The wider context: inflation is not quite gone
The DECO data feeds into a broader picture that Portugal's official statistics have been slower to capture. INE reported food and non-alcoholic beverage inflation running at 2.1 per cent year on year in March — well below the DECO-basket figure of 9.56 per cent, but the two measures are constructed very differently. INE weights thousands of items across the whole CPI; Deco tracks a fixed, narrow list of staples, and it is the narrow list that tends to hit lower-income and newer-resident households hardest.

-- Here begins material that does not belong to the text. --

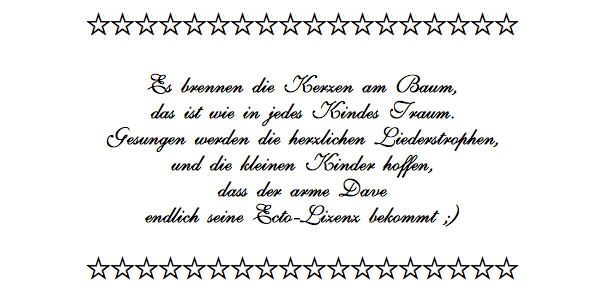 Beim x-mas-special von Guennersen, bei dem nur ich mit dem oben abgebildeten Gedicht teilgenommen habe, habe ich eine Lizenz von ecto gewonnen.

On the policy side, the government's response so far has been indirect: the EUR 40 million freight support package approved on Wednesday aims to keep the cost of moving goods across Portugal from spiking further, while the EUR 600 million credit line for energy-intensive industry is meant to prevent factories, including food processors, from raising wholesale prices. Neither measure puts money directly into household baskets.
Portuguese Minister of Economy Pedro Reis told reporters this week that the government was monitoring the food basket "very closely" but ruled out reintroducing the IVA zero scheme — the temporary VAT exemption on 46 essential foods that ran from April 2023 to early 2025 — arguing that it distorted prices without producing lasting relief. Consumer associations, unsurprisingly, disagree. Deco has called for the measure to return, at least for fresh produce and bread.
Next Tuesday's reading will be a useful signal: if prices break through EUR 260 for the first time, expect renewed political pressure on both the government and the supermarket chains.